REQUIRED WORK
For the records below, print the lines from the line with "Omwonenden hadden de" through the line with "Delivery vehicle passing countryside area" exactly as written; include both end lines and exclude the rest.

MATERIAL SHOWN
****
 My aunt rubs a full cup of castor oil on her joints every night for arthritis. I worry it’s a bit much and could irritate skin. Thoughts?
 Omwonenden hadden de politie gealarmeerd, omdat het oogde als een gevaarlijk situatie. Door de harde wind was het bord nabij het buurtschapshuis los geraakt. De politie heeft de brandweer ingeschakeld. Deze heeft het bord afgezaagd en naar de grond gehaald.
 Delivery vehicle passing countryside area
****
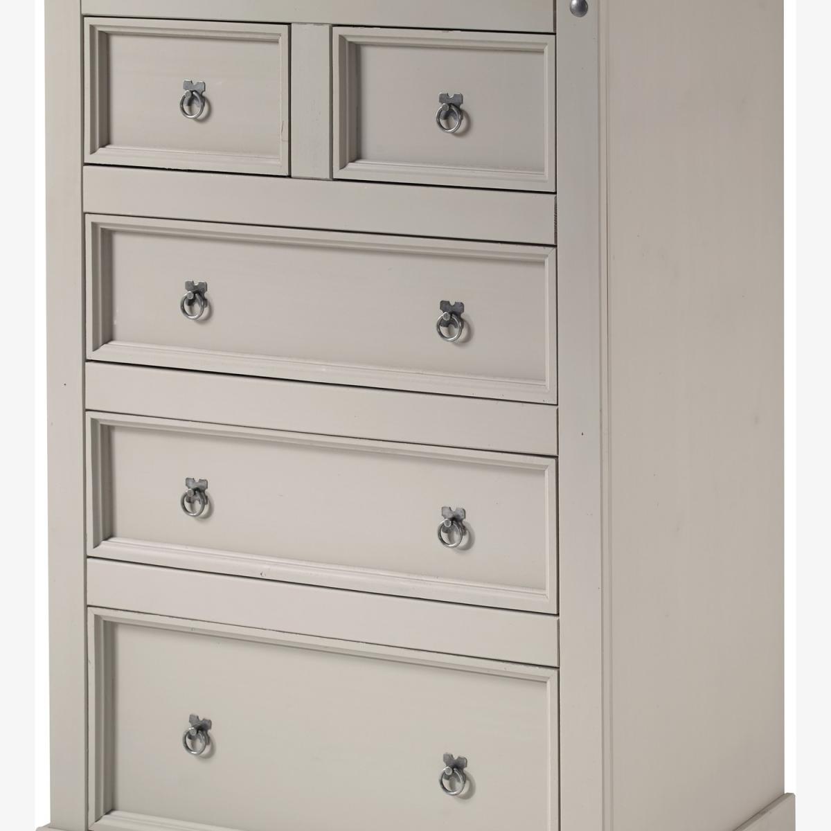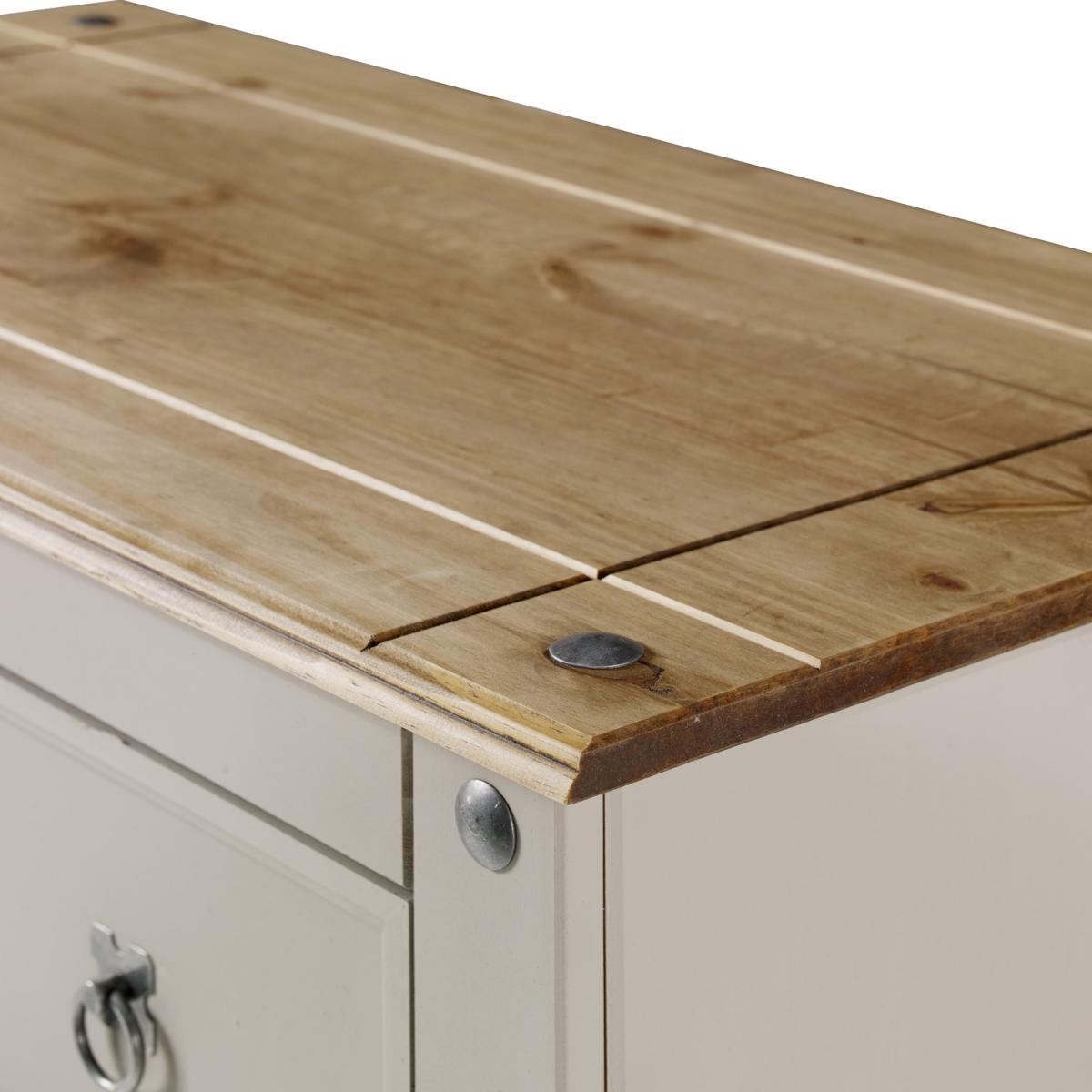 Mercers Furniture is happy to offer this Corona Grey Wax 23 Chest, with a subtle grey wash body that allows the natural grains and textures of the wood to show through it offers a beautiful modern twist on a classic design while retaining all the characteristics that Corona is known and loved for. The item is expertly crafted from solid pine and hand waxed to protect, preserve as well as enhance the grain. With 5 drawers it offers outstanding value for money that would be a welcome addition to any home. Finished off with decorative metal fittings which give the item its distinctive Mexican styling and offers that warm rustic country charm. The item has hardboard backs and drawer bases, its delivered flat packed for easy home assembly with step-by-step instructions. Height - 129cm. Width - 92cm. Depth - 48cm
****
TASK RESULT
 Omwonenden hadden de politie gealarmeerd, omdat het oogde als een gevaarlijk situatie. Door de harde wind was het bord nabij het buurtschapshuis los geraakt. De politie heeft de brandweer ingeschakeld. Deze heeft het bord afgezaagd en naar de grond gehaald.
 Delivery vehicle passing countryside area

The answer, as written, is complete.